__The problem__
Starting at the line that contains "1965 Pendant i" and stopping at the line that contains "This special is", transcribe every line of the material below exactly; pictures stay out.

__The data__
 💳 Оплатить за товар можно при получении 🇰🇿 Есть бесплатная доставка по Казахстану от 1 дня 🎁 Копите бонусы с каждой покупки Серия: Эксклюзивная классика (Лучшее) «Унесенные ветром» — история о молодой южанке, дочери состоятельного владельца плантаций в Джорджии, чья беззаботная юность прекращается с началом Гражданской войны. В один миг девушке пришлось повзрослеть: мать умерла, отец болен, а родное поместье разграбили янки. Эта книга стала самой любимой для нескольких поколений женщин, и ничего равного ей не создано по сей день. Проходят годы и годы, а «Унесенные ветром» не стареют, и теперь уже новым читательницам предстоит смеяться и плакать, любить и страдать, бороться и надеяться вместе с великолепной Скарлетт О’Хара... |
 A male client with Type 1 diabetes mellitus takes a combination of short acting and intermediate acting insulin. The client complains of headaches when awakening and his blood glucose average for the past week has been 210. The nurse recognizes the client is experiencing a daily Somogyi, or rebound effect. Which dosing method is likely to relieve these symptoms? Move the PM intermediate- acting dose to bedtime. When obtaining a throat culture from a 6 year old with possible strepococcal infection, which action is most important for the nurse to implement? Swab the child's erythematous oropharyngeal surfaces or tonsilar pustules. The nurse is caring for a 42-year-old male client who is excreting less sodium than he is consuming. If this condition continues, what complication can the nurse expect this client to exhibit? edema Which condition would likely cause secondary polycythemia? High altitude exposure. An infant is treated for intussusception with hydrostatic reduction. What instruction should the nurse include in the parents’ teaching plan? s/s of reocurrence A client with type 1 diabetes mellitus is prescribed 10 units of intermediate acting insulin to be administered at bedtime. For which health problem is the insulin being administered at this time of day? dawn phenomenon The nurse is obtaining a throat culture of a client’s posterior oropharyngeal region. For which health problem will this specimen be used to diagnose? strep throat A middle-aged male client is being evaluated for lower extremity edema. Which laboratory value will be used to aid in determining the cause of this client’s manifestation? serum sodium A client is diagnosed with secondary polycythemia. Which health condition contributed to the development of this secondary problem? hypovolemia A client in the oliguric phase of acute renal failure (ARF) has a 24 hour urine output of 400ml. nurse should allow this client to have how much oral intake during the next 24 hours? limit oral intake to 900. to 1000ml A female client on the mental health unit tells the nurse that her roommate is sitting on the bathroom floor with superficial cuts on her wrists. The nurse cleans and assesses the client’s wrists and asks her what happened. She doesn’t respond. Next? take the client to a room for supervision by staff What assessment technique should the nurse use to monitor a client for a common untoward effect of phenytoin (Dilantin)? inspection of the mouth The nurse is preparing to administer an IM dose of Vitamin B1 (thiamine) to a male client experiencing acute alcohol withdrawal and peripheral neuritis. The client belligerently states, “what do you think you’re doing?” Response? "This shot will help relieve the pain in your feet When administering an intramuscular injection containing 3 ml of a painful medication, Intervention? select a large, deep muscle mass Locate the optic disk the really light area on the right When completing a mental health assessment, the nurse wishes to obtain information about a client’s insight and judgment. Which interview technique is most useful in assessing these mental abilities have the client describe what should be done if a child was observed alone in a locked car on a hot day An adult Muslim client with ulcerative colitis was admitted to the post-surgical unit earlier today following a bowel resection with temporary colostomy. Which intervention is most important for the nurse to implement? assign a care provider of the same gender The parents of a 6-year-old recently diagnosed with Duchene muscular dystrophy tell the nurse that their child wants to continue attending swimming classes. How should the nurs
---
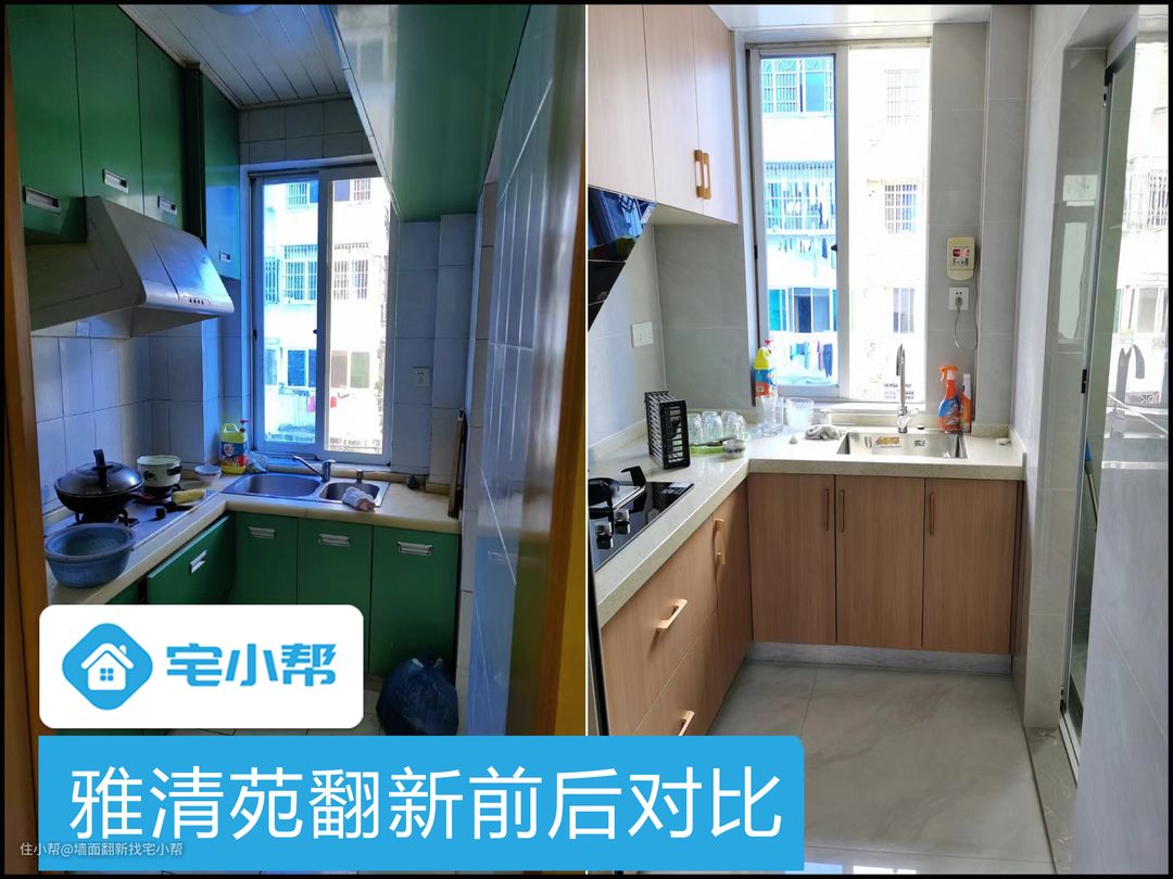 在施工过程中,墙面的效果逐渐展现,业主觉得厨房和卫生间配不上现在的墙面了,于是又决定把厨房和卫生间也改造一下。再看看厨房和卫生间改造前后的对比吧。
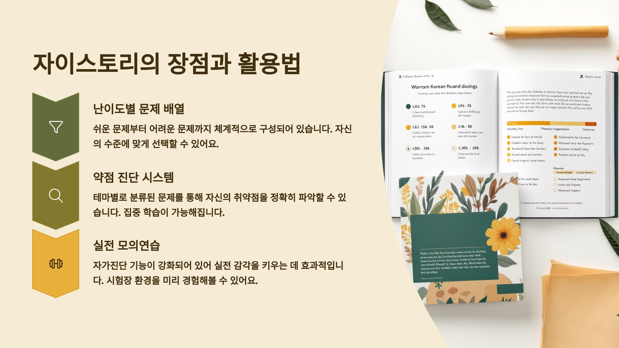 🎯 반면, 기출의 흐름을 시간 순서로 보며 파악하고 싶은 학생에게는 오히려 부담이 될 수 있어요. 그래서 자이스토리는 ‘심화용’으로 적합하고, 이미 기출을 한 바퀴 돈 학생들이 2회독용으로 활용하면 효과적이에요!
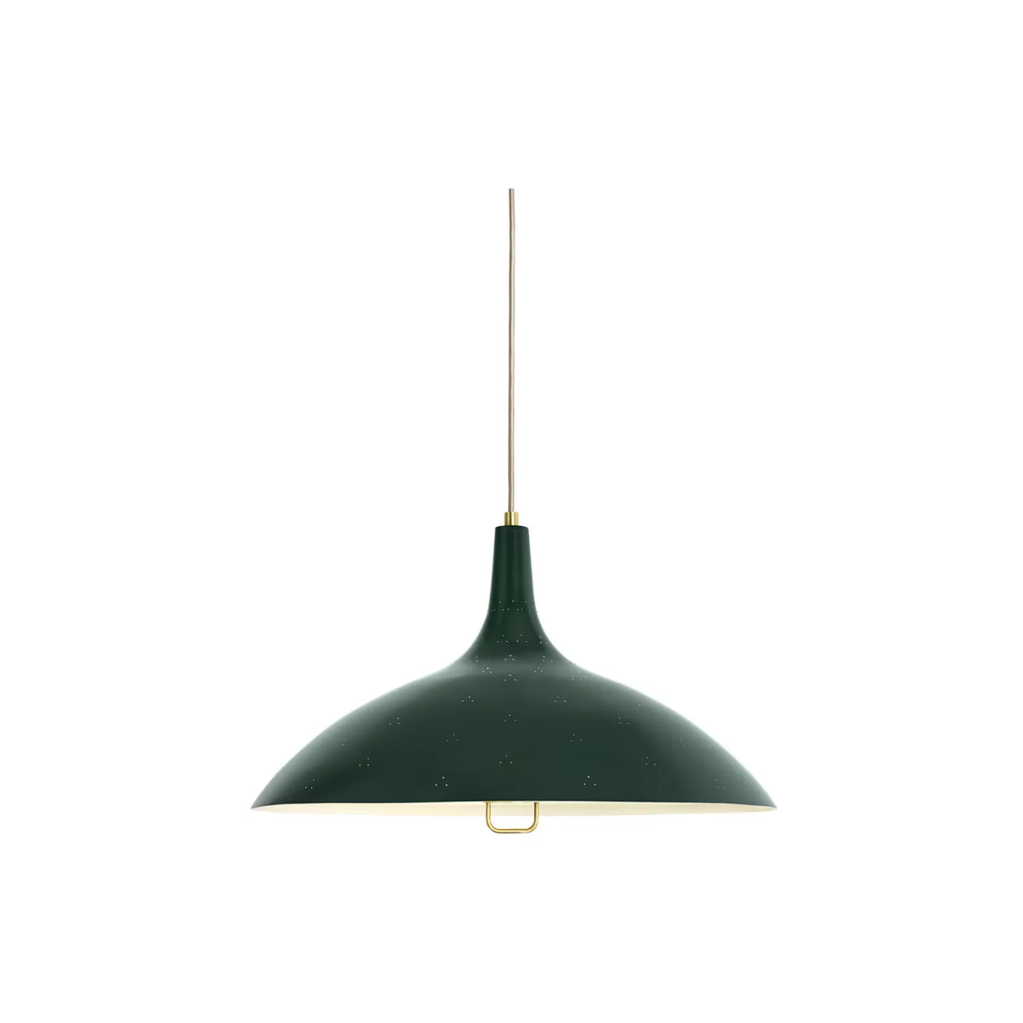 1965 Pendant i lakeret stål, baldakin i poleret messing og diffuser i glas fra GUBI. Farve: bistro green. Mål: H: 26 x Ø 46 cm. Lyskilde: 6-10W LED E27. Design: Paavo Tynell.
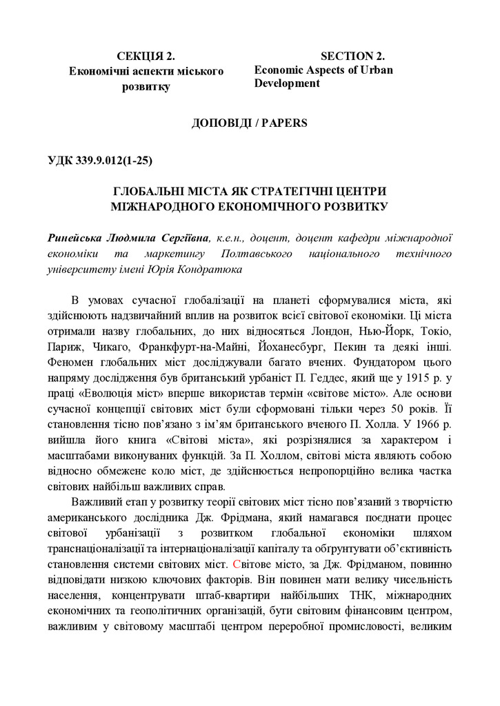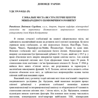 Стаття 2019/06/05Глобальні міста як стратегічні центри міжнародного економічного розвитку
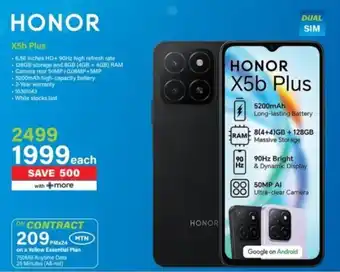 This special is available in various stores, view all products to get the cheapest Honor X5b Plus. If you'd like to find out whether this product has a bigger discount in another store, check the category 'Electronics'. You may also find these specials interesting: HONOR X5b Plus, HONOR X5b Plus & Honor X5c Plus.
* * *
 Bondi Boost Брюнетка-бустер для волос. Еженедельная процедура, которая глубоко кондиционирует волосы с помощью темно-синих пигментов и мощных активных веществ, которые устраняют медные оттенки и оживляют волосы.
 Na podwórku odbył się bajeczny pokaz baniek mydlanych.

__Solution to this exercise__
 1965 Pendant i lakeret stål, baldakin i poleret messing og diffuser i glas fra GUBI. Farve: bistro green. Mål: H: 26 x Ø 46 cm. Lyskilde: 6-10W LED E27. Design: Paavo Tynell.
 Стаття 2019/06/05Глобальні міста як стратегічні центри міжнародного економічного розвитку
 This special is available in various stores, view all products to get the cheapest Honor X5b Plus. If you'd like to find out whether this product has a bigger discount in another store, check the category 'Electronics'. You may also find these specials interesting: HONOR X5b Plus, HONOR X5b Plus & Honor X5c Plus.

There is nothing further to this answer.